* **Given data**
⟨
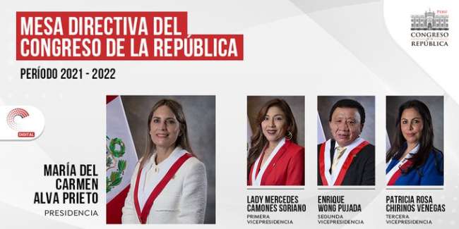 La congresista María del Carmen Alva (Acción Popular), de la lista 2, ganó la presidencia de la Mesa Directiva del Congreso para el periodo 2021-2022 con 69 votos.
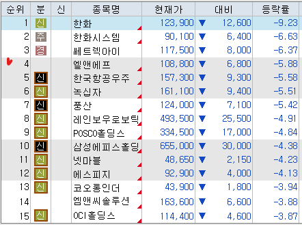 반면, 최근 강세였던 자동차, 조선, 방산 업종 등에서 차익실현 매물이 출회되며 하락
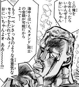 初出は3部16話「暗青の月 その3」。スタンド「ダークブルームーン」の本体である偽テニール船長と承太郎が海中に落ち、水中戦を始める前に偽船長が語ったルール。
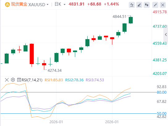 周二,特朗普威胁要对欧洲盟友征收额外关税,引发对避险资产的抢购,国际现货黄金首次突破4760美元,截至目前,黄金报价4831.91。
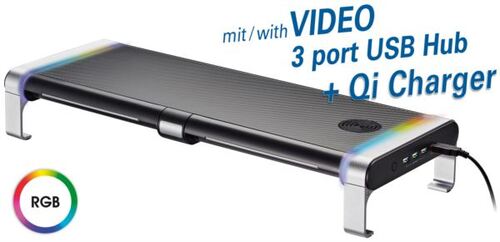 Transmedia Hyper Gaming Monitor Rack, HT43 - for screens, laptops, etc. up to 20 kg, with Qi Charger, RGB Lighting built-in 3 port USB Hub dimensions: 206 x 544 x 90 mm, 2 built-in drawers
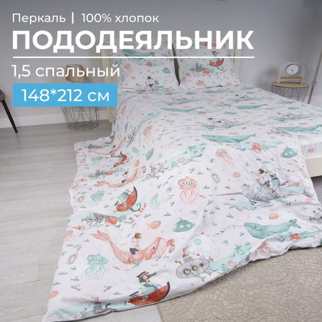 Пододеяльник 1,5-спальный, перкаль, детская расцветка (Морячок)
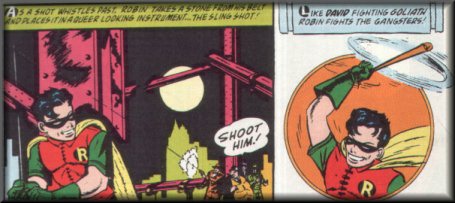 Perhaps it was the fact that Zucco was brought in so soon that prevented Dick from becoming as grim a figure as Bruce. As a superhero, Dick was more prone to swashbuckling and laughing in the midst of battle. His acrobatic skills were such that he taught Batman a thing or two, and coupled with the martial arts he learned from Batman, Robin's speed and agility often allowed him to make bad guys look like lumbering clutzes. Some of Robin's lightness of heart seemed to rub off onto Batman, making him seem less predatory and more heroic.
⟩
* **Exercise goal**
Each record should be written out exactly, and each image should be omitted.

* **Exercise result**
 La congresista María del Carmen Alva (Acción Popular), de la lista 2, ganó la presidencia de la Mesa Directiva del Congreso para el periodo 2021-2022 con 69 votos.
 반면, 최근 강세였던 자동차, 조선, 방산 업종 등에서 차익실현 매물이 출회되며 하락
 初出は3部16話「暗青の月 その3」。スタンド「ダークブルームーン」の本体である偽テニール船長と承太郎が海中に落ち、水中戦を始める前に偽船長が語ったルール。
 周二,特朗普威胁要对欧洲盟友征收额外关税,引发对避险资产的抢购,国际现货黄金首次突破4760美元,截至目前,黄金报价4831.91。
 Transmedia Hyper Gaming Monitor Rack, HT43 - for screens, laptops, etc. up to 20 kg, with Qi Charger, RGB Lighting built-in 3 port USB Hub dimensions: 206 x 544 x 90 mm, 2 built-in drawers
 Пододеяльник 1,5-спальный, перкаль, детская расцветка (Морячок)
 Perhaps it was the fact that Zucco was brought in so soon that prevented Dick from becoming as grim a figure as Bruce. As a superhero, Dick was more prone to swashbuckling and laughing in the midst of battle. His acrobatic skills were such that he taught Batman a thing or two, and coupled with the martial arts he learned from Batman, Robin's speed and agility often allowed him to make bad guys look like lumbering clutzes. Some of Robin's lightness of heart seemed to rub off onto Batman, making him seem less predatory and more heroic.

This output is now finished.